Input data:
§

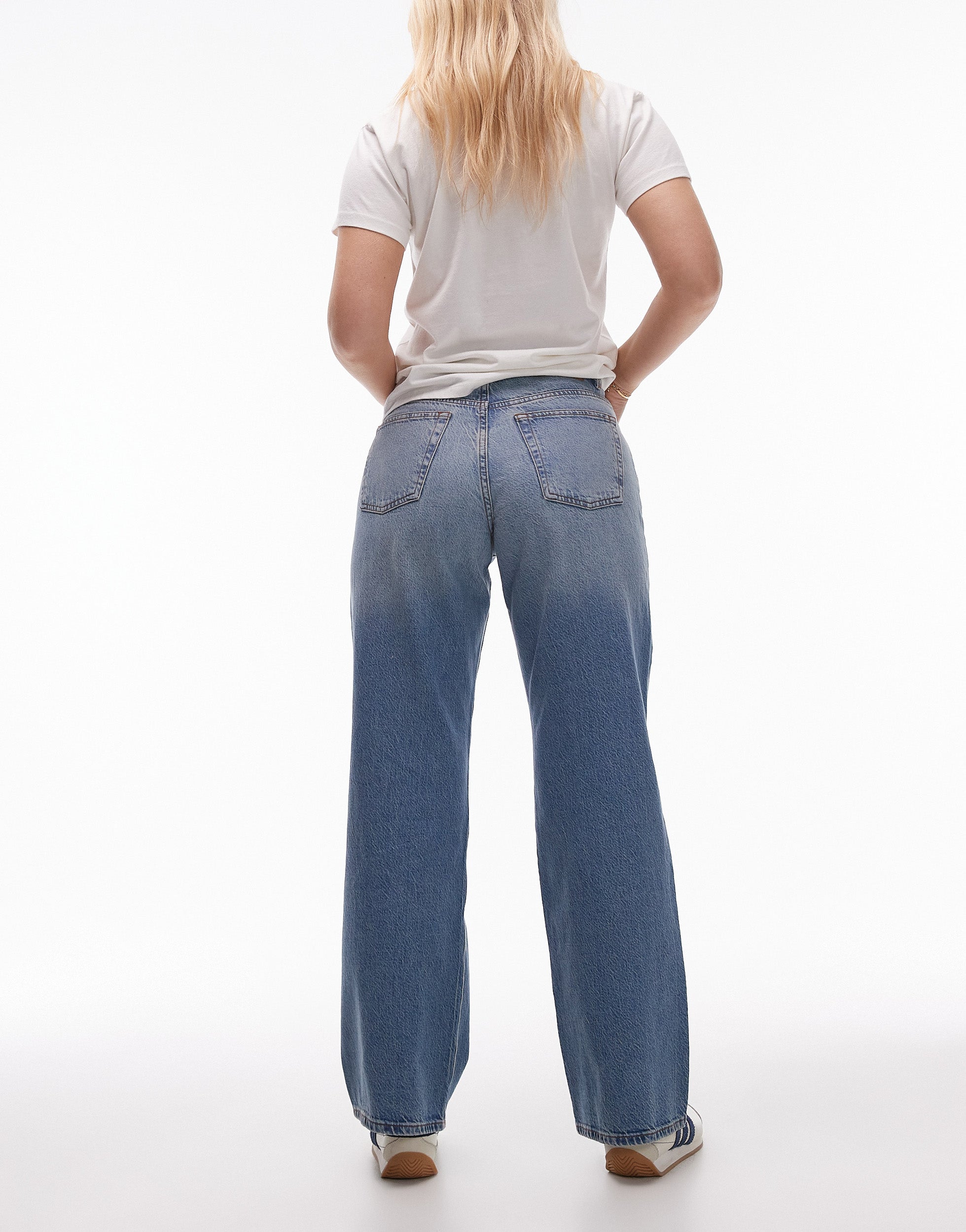 Topshop Hourglass mid rise loose fit straight jean in mid blue - MBLUE
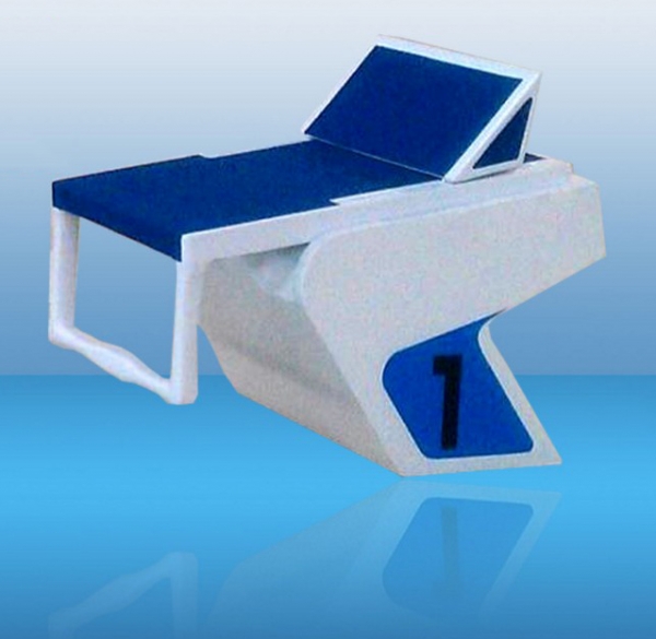 2、出發(fā)臺的后端配有蹬腳起跳裝置,運動員可以根據(jù)自己的需要使用蹬腳起跑裝置的位置。
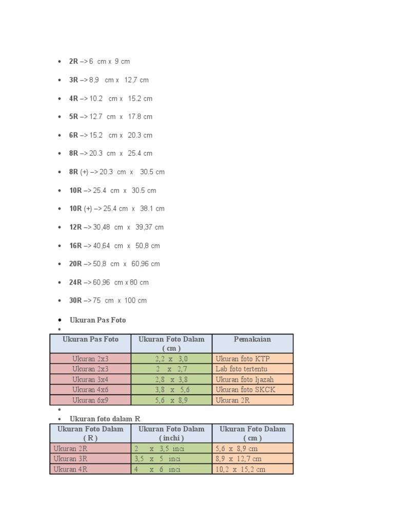 Daftar Ukuran Foto 2r 3r 4r 5r 6r 8r 10r Hingga 30r
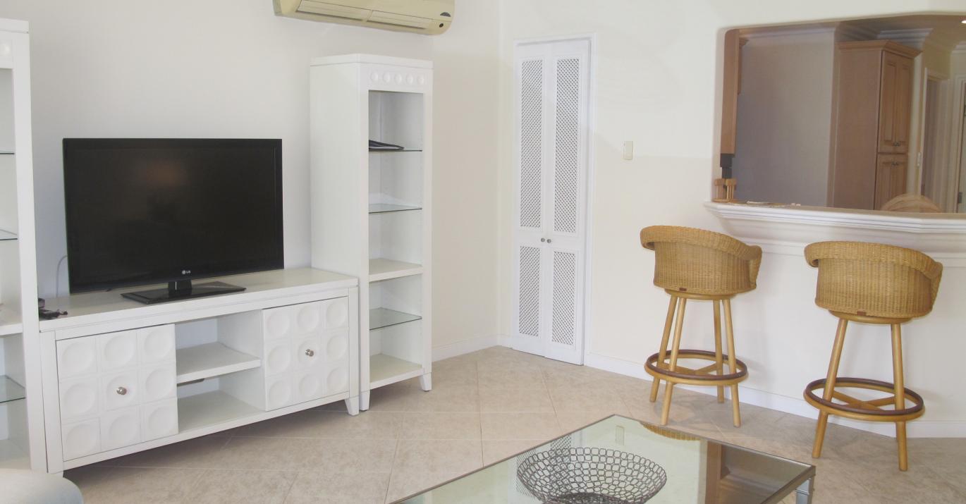 The spacious bedroom is beautifully decorated, with a large air-conditioned bathroom tiled in marble. Residents enjoy the choice of air-conditioning, ceiling fans or the cooling trade winds.

§

The task: Repeat the listing above in full, exactly, and omit its pictures.

Exercise response:
 Topshop Hourglass mid rise loose fit straight jean in mid blue - MBLUE
 2、出發(fā)臺的后端配有蹬腳起跳裝置,運動員可以根據(jù)自己的需要使用蹬腳起跑裝置的位置。
 Daftar Ukuran Foto 2r 3r 4r 5r 6r 8r 10r Hingga 30r
 The spacious bedroom is beautifully decorated, with a large air-conditioned bathroom tiled in marble. Residents enjoy the choice of air-conditioning, ceiling fans or the cooling trade winds.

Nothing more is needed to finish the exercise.